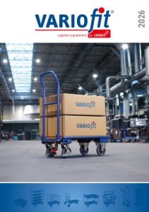7 Systemwagen ESD Werkstatt/Lager Karren Reifen-, Stahlflaschen-, Fass-, Palettenhandling Anhänger Schwerlast Spezial Zubehör NEUHEITEN ESD Euro-System-Roller 70 ESD Stahlrohrkarren 74 Sperrholzböden für Tragarmwagen 86-87 Kartonagewagen 94 Wasserflaschen-/Edelstahlrohrkarren 104 Routenzug 128-129 Anhängerkupplung 144 Richtungsfeststeller 166 Neues Zubehör: Richtungsrollen, Schreibpult, Halterung für Scanner, Fußschutz 170, 176, 179-180 UNSERE TOP BESTSELLER 2025 INHALT 2026 ENTWICKELT FÜR LANGLEBIGKEIT – MIT BIS ZU 12 JAHREN GARANTIE. Die gesetzliche Gewährleistungsdauer von 2 Jahren wird von uns freiwillig und aus Überzeugung für einen Großteil der VARIOfit® Produkte auf bis zu 12 Jahre verlängert. Ein Qualitätsversprechen! TISCHWAGEN S. 26 ETAGENWAGEN FEST VERSCHWEIßT S. 43 KLAPPBÜGEL WAGEN S. 19 STAHLROHR KARRE S. 100 SYSTEMWAGEN Basismodell 10 Rohrbügelwagen 23 Etagenwagen 32-48 Schiebebügel-/Magazinwagen 12-14 Plattenwagen/-ständer 23 Eurokastenwagen 49-51 Systemwagen 15-16 Kastenwagen 24-25 Beistellwagen 52-53 Schwerlastwagen 17 Tischwagen 26-27 Materialständer 54-55 Klappbügelwagen 19-20 Schwere/Schwerlast Tischwagen 28-29 Kistenroller 57 C + C Wagen 21 Tischwagen mit Wanne 30-31 Euro-System-Roller 58-61 Seitenbügelwagen 22 Griffroller 62-63 ESD ESD Etagenwagen 65-67 ESD Euro-System-Roller 70 ESD Werkstattwagen 73 ESD Eurokastenwagen/ Beistellwagen/Griffroller ESD Tischwagen 71 ESD Stahlrohrkarren 74 68 ESD Schiebebügelwagen/ ESD Schwere Tischwagen ESD Materialständer 69 72 WERKSTATT / LAGER Werkstattwagen 76-83 Plattenwagen/-karren 88-89 Kartonagewagen 94 Werkstückwagen 84-85 Materialheber 90-92 Zusatzartikel für Kommissionierwagen Tragarmwagen 86-87 Kommissionierwagen 93-95 96 KARREN Stahlrohrkarren 98-101 Stuhl- & Möbelkarren 105 Gerätekarren 110 Aluminiumkarren 102-103 Treppenkarren 106-107 Sperrgutkarre 111 Wasserflaschen-/Edelstahlrohrkarren 104 Aluminium Treppenkarren 108-109 REIFEN-, STAHLFLASCHEN-, FASS- UND PALETTENHANDLING Reifenhandling 113-114 Stahlflaschenhandling 118-120 Palettenhandling 126-141 Zubehör für Reifenregal/-wagen 115-116 Fasshandling 121-125 ANHÄNGER Handwagen 142-143 Fahrradanhänger 144 Rollenkarre, Rollenständer 143 Handpritschenwagen 145-147 SCHWERLAST Hebelroller und Rollplatten 148-149 Schwerlast-Rollplatten 149-150 Schwerlastwagen 152-153 Langmaterialwagen/-roller 151 Industrieanhänger 154-155 SPEZIAL Möbelhunde® und -sammler/ Triple-Dog Tisch-Heberoller 159 Entsorgung 162 156-158 Akten- und Büchertransportwagen 160-161 Be- und Entladen 163 ZUBEHÖR Rollenübersicht 170-174 Zubehör Handwagen/ Handpritschenwagen 175 Zubehör Karren 176-177 Zubehör Allgemein 178-180
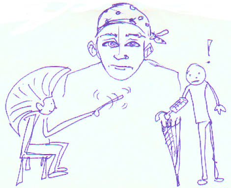 | "As the mohawked boy shook a golf club, I noticed my umbrella would be no protection. I had a broken arm, the pirate watched." |
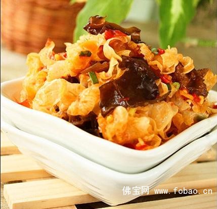 1、将黑木耳与白木耳提前3至4小时用冷水泡发后去蒂洗净,撕成小朵;泡椒、生姜、大蒜均切碎成末,葱切花;
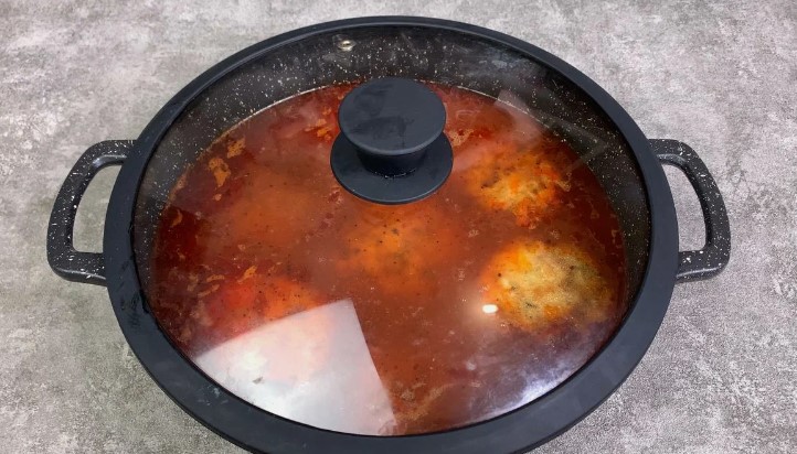 У сковороді змішуємо бульйон з томатною пастою, додаємо воду, солимо і перчимо на смак, додаємо трохи цукру, всі спеції та ароматні трави.
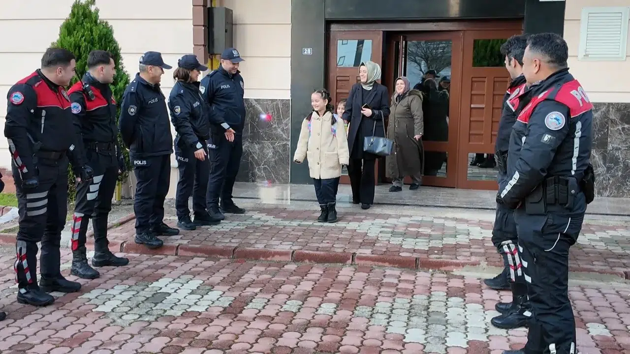 Samsun Emniyet Müdürlüğü ekipleri, 2024-2025 eğitim-öğretim yılı bahar döneminin ilk gününde şehit çocuğunu evinden alarak kortej eşliğinde okula bıraktı.
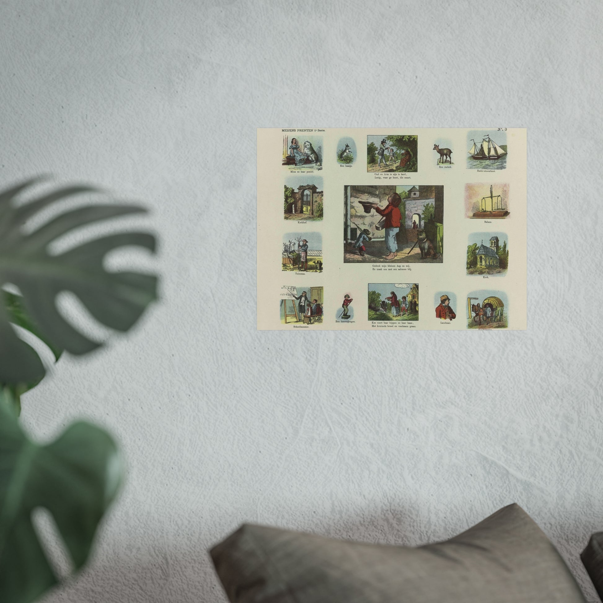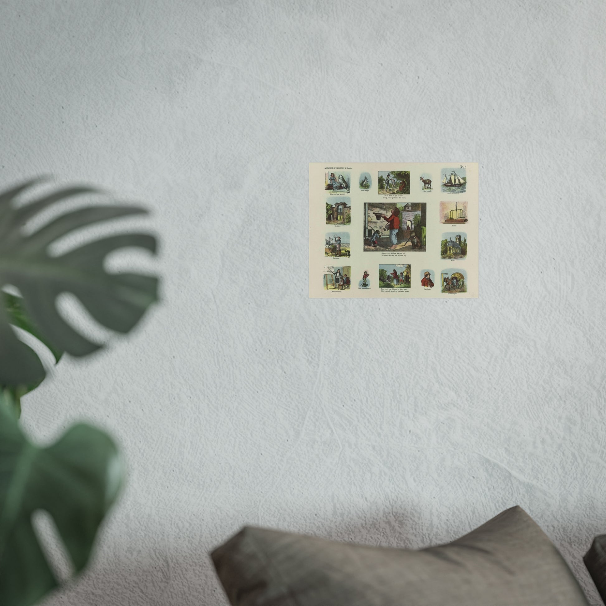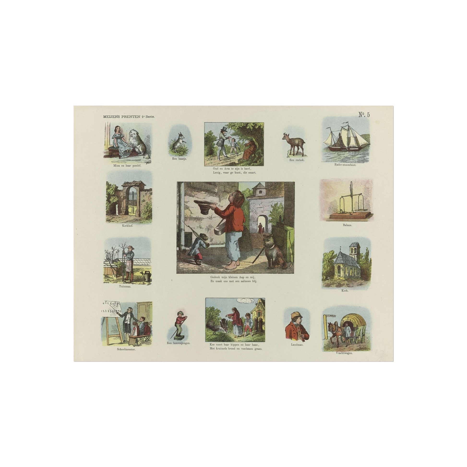 This captivating piece, numbered 5 in the top right corner, showcases 15 distinct scenes that capture a diverse range of subjects. The viewer's eye is drawn to the depictions of a tranquil graveyard, a diligent gardener at work, a playful monkey, a majestic church, and a finely balanced scale. Each image is accompanied by an intriguing caption that adds depth and context to the artwork.
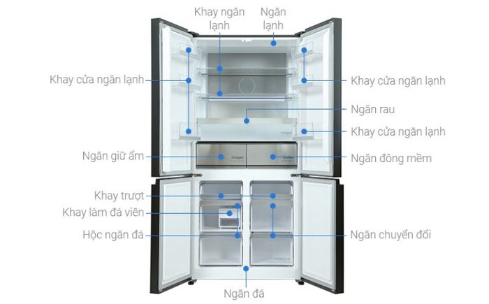 - Ngăn tủ lạnh: Đặt các thực phẩm vào các khay và ngăn đựng hoặc túi đựng, sắp xếp chúng ngăn nắp để giữ nhiệt độ đồng đều.
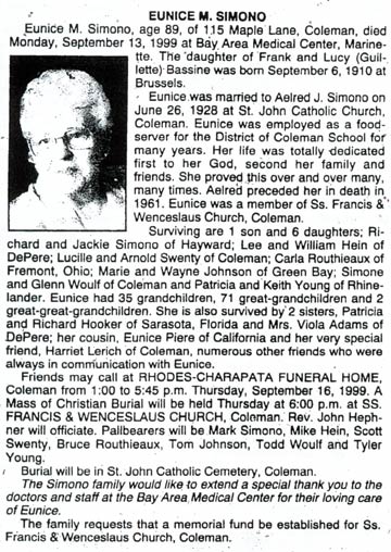 Coleman for A. J. Simono, 55, president of the village of Coleman, who died
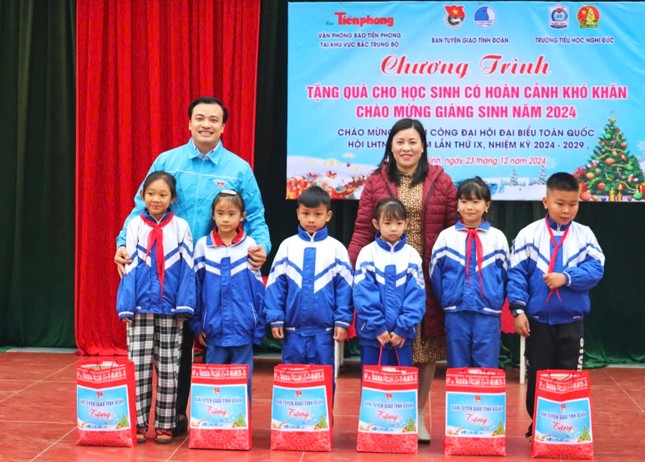 Trong không khí ấm áp và niềm vui, ngày 23/12, Ban Tuyên giáo Tỉnh đoàn Nghệ An phối hợp với Văn phòng đại diện Báo Tiền Phong tại khu vực Bắc Trung Bộ và Trường Tiểu học Nghi Đức (thành phố Vinh, Nghệ An) tổ chức chương trình “Giáng sinh cho em”.
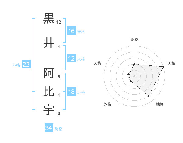 黒井 阿比宇さんの天格は16画の5点!
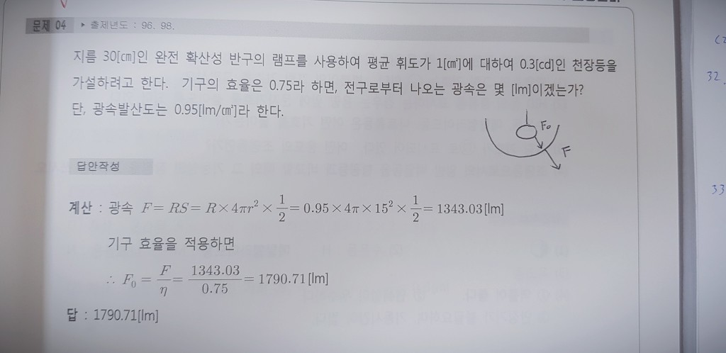 이 문제에서 광속발산도에 의한 광속은 반구의 램프 면적을 이용해서 구했으니 조명램프의 의한 광속이고
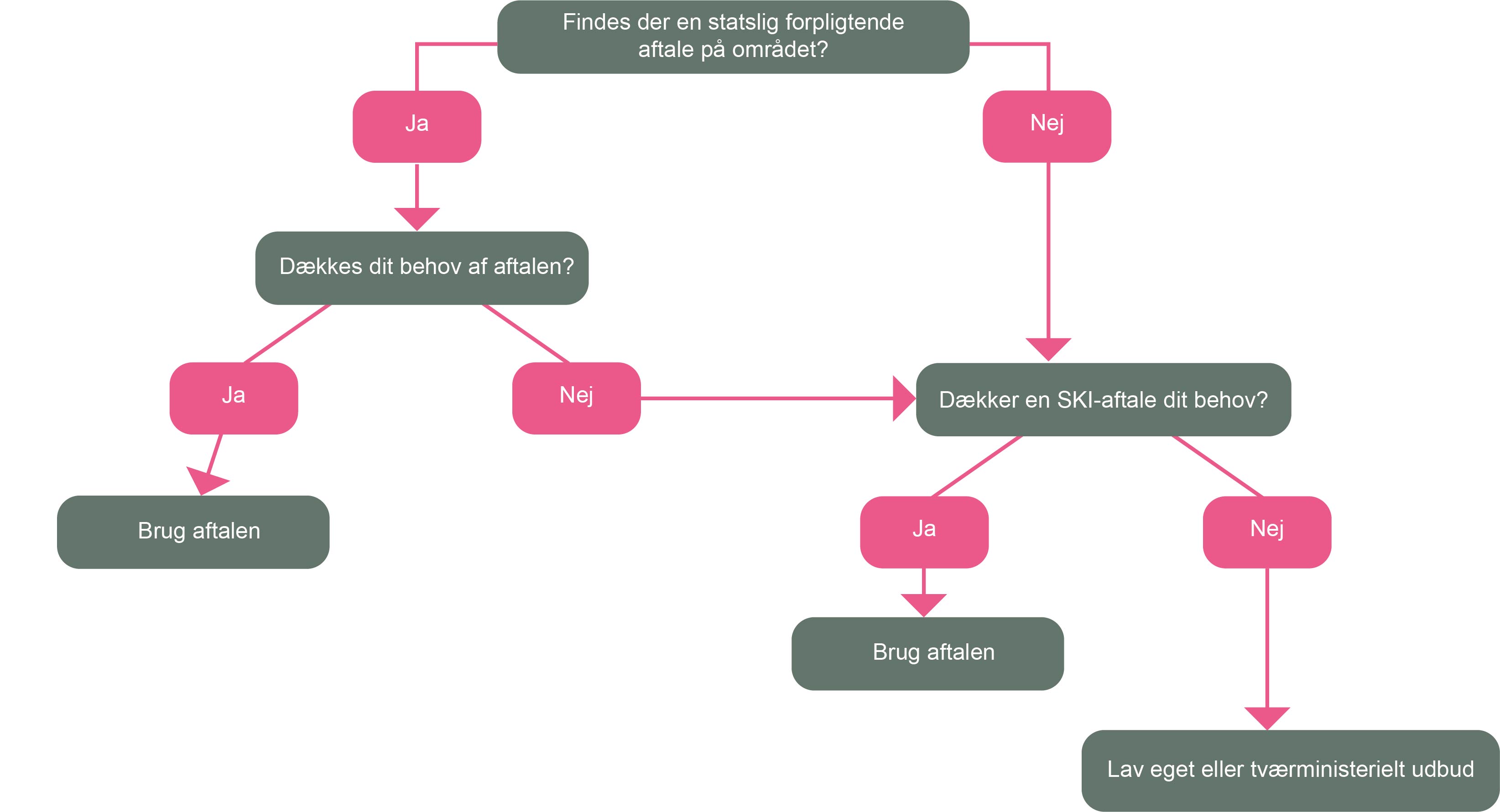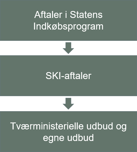 Ministerier, styrelser og statslige institutioner er via cirkulæret for indkøb i staten forpligtede til at anvende aftalerne i Statens Indkøbsprogram. Det betyder, at de altid først skal undersøge, om de kan få dækket deres indkøbsbehov via en aftale i Statens Indkøbsprogram. Hvis det ikke er muligt, skal de anvende SKI’s aftaler, hvor de kan dække behovet. Kun hvis dette undtagelsesvis ikke er muligt, kan de udarbejde deres egne aftaler eller gennemføre fælles udbud.

□ □ □ □ □ □ □

## Task prompt
Word for word, retype the lines in the entries above that run from the one with "Samsun Emniyet Müdürlüğü" through the one with "黒井 阿比宇さんの天格は16画の5点!". Both ends count; pictures do not.

## Result of this task
 Samsun Emniyet Müdürlüğü ekipleri, 2024-2025 eğitim-öğretim yılı bahar döneminin ilk gününde şehit çocuğunu evinden alarak kortej eşliğinde okula bıraktı.
 This captivating piece, numbered 5 in the top right corner, showcases 15 distinct scenes that capture a diverse range of subjects. The viewer's eye is drawn to the depictions of a tranquil graveyard, a diligent gardener at work, a playful monkey, a majestic church, and a finely balanced scale. Each image is accompanied by an intriguing caption that adds depth and context to the artwork.
 - Ngăn tủ lạnh: Đặt các thực phẩm vào các khay và ngăn đựng hoặc túi đựng, sắp xếp chúng ngăn nắp để giữ nhiệt độ đồng đều.
 Coleman for A. J. Simono, 55, president of the village of Coleman, who died
 Trong không khí ấm áp và niềm vui, ngày 23/12, Ban Tuyên giáo Tỉnh đoàn Nghệ An phối hợp với Văn phòng đại diện Báo Tiền Phong tại khu vực Bắc Trung Bộ và Trường Tiểu học Nghi Đức (thành phố Vinh, Nghệ An) tổ chức chương trình “Giáng sinh cho em”.
 黒井 阿比宇さんの天格は16画の5点!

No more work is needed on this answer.